### Work required
Only the lines from the start of the data through the line with "25 кадр, фотокабина" belong in the copy. Restate them word for word, minus the pictures.

### Data
◇ ◇ ◇ ◇ ◇

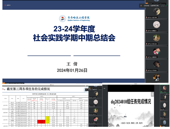 社会实践学期的第三周已经接近尾声,为承上启下,推动社会实践学期dq2024010-dq2024014小组各项学习工作的持续开展,生涯导师王倩于1月26日晚通过腾讯会议主持召开社会实践学期中期总结会,全体生涯学生参会。
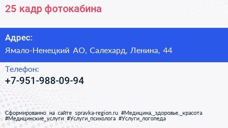 25 кадр, фотокабина по адресу Ямало-Ненецкий АО, Салехард, Ленина, 44 в дальнейшем Организация, размещена в следующих категориях:
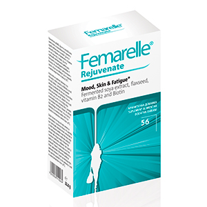 Formula unică Femarelle® Rejuvenate include derivatul fermentat din soia (DT56a), semințe de în vitamina B2 și biotină, care contribuie la menținerea metabolismului în limite normale, bună funcționare a sistemului nervos și întreținerea spectului pielii. De asemenea, biotină joacă un rol important în menținerea sănătății părului, iar vitamina B2 contribuie la reducerea stării de oboseală cronică. Femarelle®Rejuvenate este un supliment alimentar care nu conține hormoni.
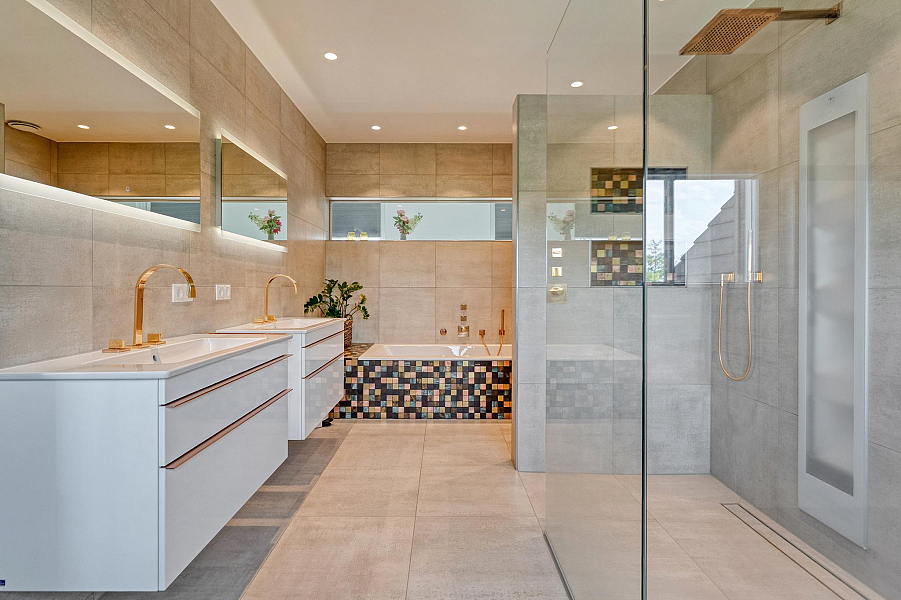 Dubbele garage volledig geïsoleerd en voorzien van vloerverwarming;

◇ ◇ ◇ ◇ ◇

### Result
 社会实践学期的第三周已经接近尾声,为承上启下,推动社会实践学期dq2024010-dq2024014小组各项学习工作的持续开展,生涯导师王倩于1月26日晚通过腾讯会议主持召开社会实践学期中期总结会,全体生涯学生参会。
 25 кадр, фотокабина по адресу Ямало-Ненецкий АО, Салехард, Ленина, 44 в дальнейшем Организация, размещена в следующих категориях:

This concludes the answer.